- Task description
Nothing but the lines below from the one containing "Программа психологического сопровождения" through the one containing "2025038798 호 |" should appear in the answer, exact and without pictures.
#### Exercise inputs
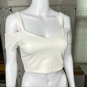 Topshop White Ivory Cold Shoulder Short Cap Sleeves Crop Zipper Back Top Size 0
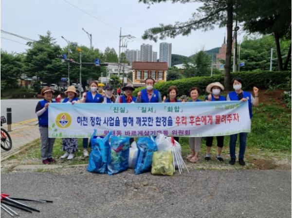 이날 활동에 참여한 바르게살기운동 남양주시협의회 평내동위원회 회원들은 방역 수칙을 준수하며 평내동 상가 골목길과 무단 투기 지역 등 마을 곳곳에서 쌓여 있는 쓰레기 약 300리터를 수거했다.
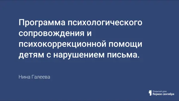 Программа психологического сопровождения и психокоррекционной помощи детям с нарушением письма. Для профилактики и исправления дефекта в программе интегрированы логопедические, психологические, психотерапевтические занятия.
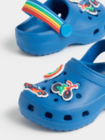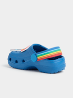 The Jet Toddler Boys Blue Rainbow Strap Clog is the perfect choice for little feet on the go! Made with durable EVA material, these clogs feature a fun rainbow strap for easy on and off.
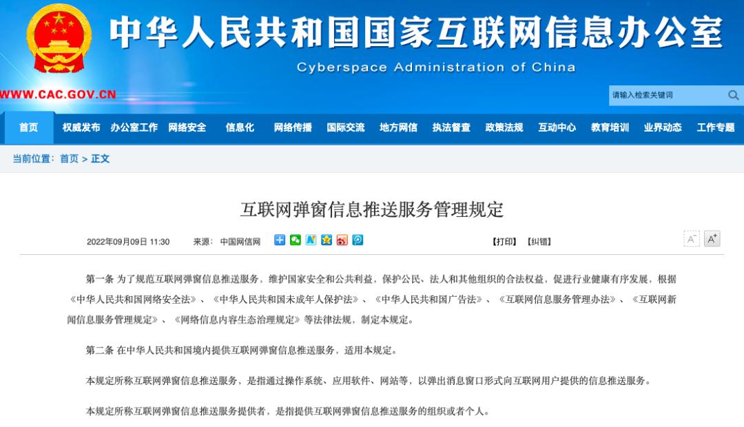 好消息是,9月30日,国家网信办、工信部和国家市场监管总局联合发布了《互联网弹窗信息推送服务管理规定》。
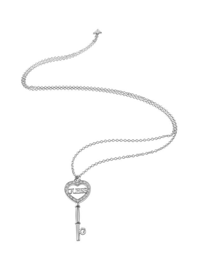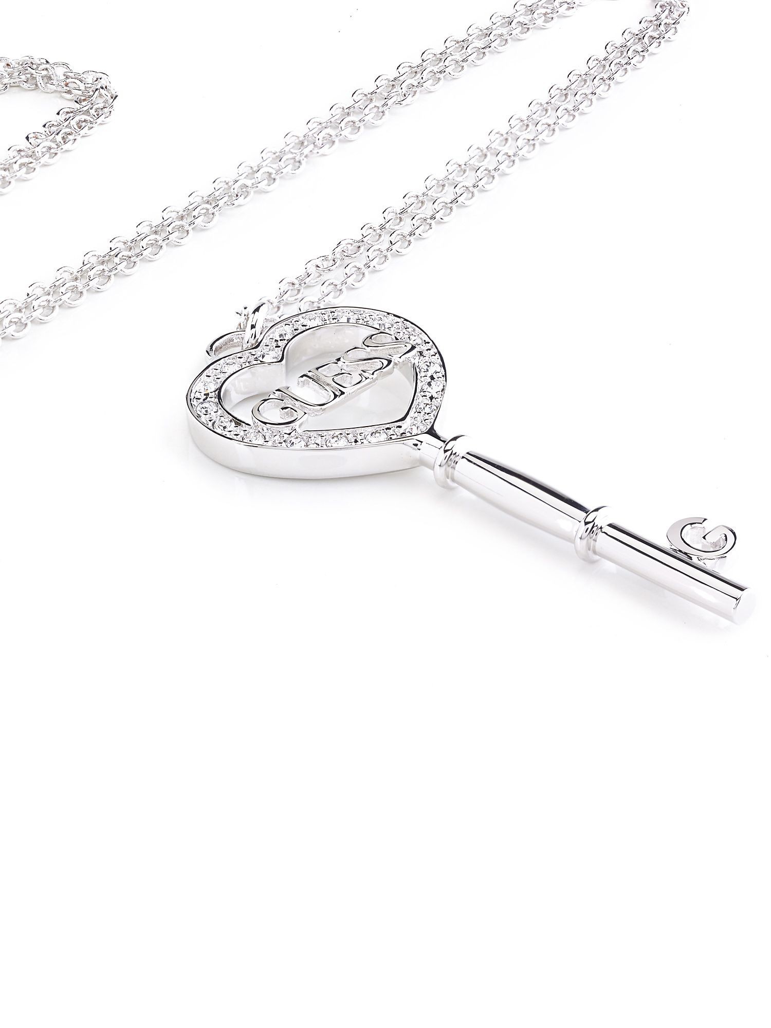 Collar largo con llave y marca Guess chapado en rodio. La llave lleva pavé de Swarovski. Mide 80cm de largo.
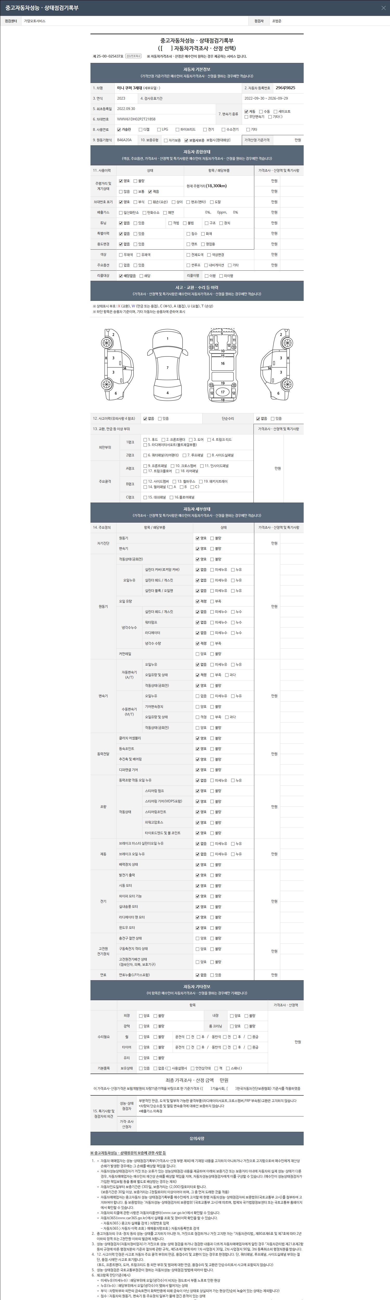 | 주행거리 | 18,300 km | 차량번호 | 296루9825 | 사고유무 | 성능기록부 참조 | 제시번호 | 제 2025038798 호 |
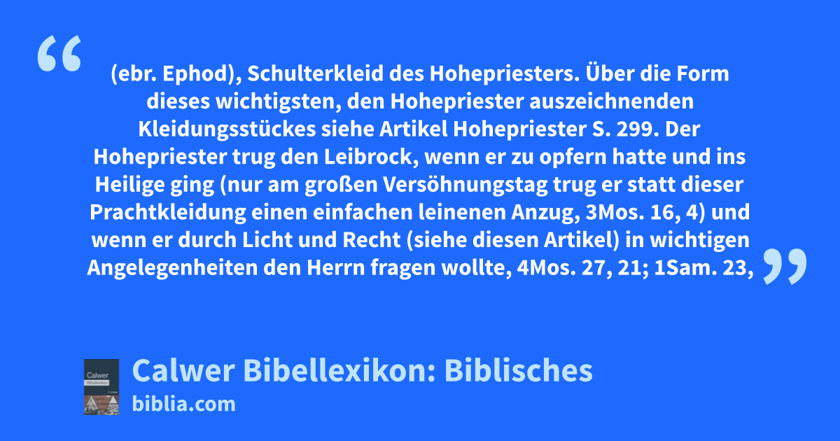 — Außer dem Leibrock des Hohepriesters werden aber auch noch „leinene Leibröcke“ der Priester genannt, 1Sam. 22, 18. Der Knabe Samuel trägt einen solchen leinenen Leibrock, 1Sam. 2, 18, ja auch der König David war, als er die Bundeslade abholte, begürtet mit einem leinenen „Leibrock“, 2Sam. 6, 14; 1Chr. 15, 27, hierbei fehlte aber natürlich gerade das Wesentliche und Wichtigste beim Leibrock, nämlich das Brustschildlein mit Urim und Tummim, und es ist dieser leinene Leibrock als Priesterschmuck anzusehen. Anders dagegen der Leibrock, den Gideon machte, Richt. 8, 27, und der des Micha, Richt. 17, 5. Manche glauben, weil in Richt. 8, 24ff von einer — vielleicht übertrieben — großen Menge von Gold und Kostbarkeiten, aus denen der Leibrock gemacht wurde, die Rede ist und weil es V. Richt. 8, 27 heißt: er setzte es (eigentlich: stellte es auf) zu Ophra, es sei darunter wohl ein Bild Gottes zu verstehen. Es ist aber doch nicht wahrscheinlich, dass das Wort, das so oft den Leibrock bezeichnet, hier eine ganz andere Bedeutung haben sollte. Wohl aber ist anzunehmen, dass hier mit dem Leibrock das Urim und Tummim als Orakel abergläubisch gebraucht wurde, wie ja Hos. 3, 4 neben dem Leibrock die Teraphim (siehe Abgötterei) erwähnt sind, vergleiche Richt. 8, 27: Israel verhurete sich daran.
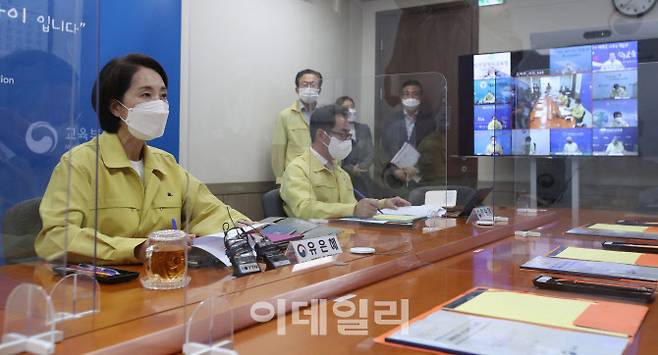 [이데일리 김태형 기자] 유은혜 사회부총리 겸 교육부 장관이 24일 서울 종로구 정부서울청사에서 열린 '교육부장관-시도교육감 간담회'에 참석해 모두발언을 하고 있다.
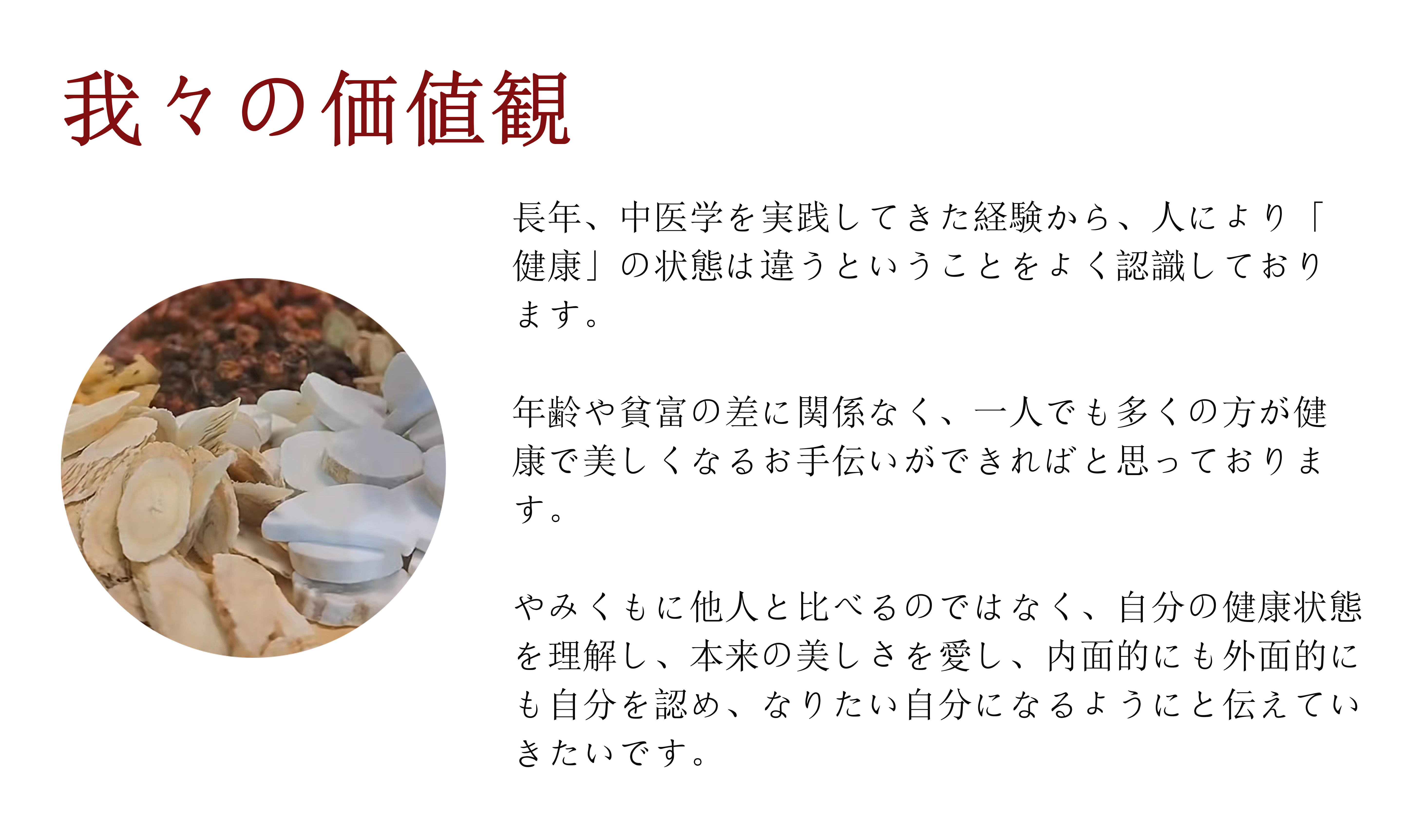 長年、中医学を実践してきた経験から、人により「健康」の状態は違うということをよく認識しております。
########
- Solved problem
 Программа психологического сопровождения и психокоррекционной помощи детям с нарушением письма. Для профилактики и исправления дефекта в программе интегрированы логопедические, психологические, психотерапевтические занятия.
 The Jet Toddler Boys Blue Rainbow Strap Clog is the perfect choice for little feet on the go! Made with durable EVA material, these clogs feature a fun rainbow strap for easy on and off.
 好消息是,9月30日,国家网信办、工信部和国家市场监管总局联合发布了《互联网弹窗信息推送服务管理规定》。
 Collar largo con llave y marca Guess chapado en rodio. La llave lleva pavé de Swarovski. Mide 80cm de largo.
 | 주행거리 | 18,300 km | 차량번호 | 296루9825 | 사고유무 | 성능기록부 참조 | 제시번호 | 제 2025038798 호 |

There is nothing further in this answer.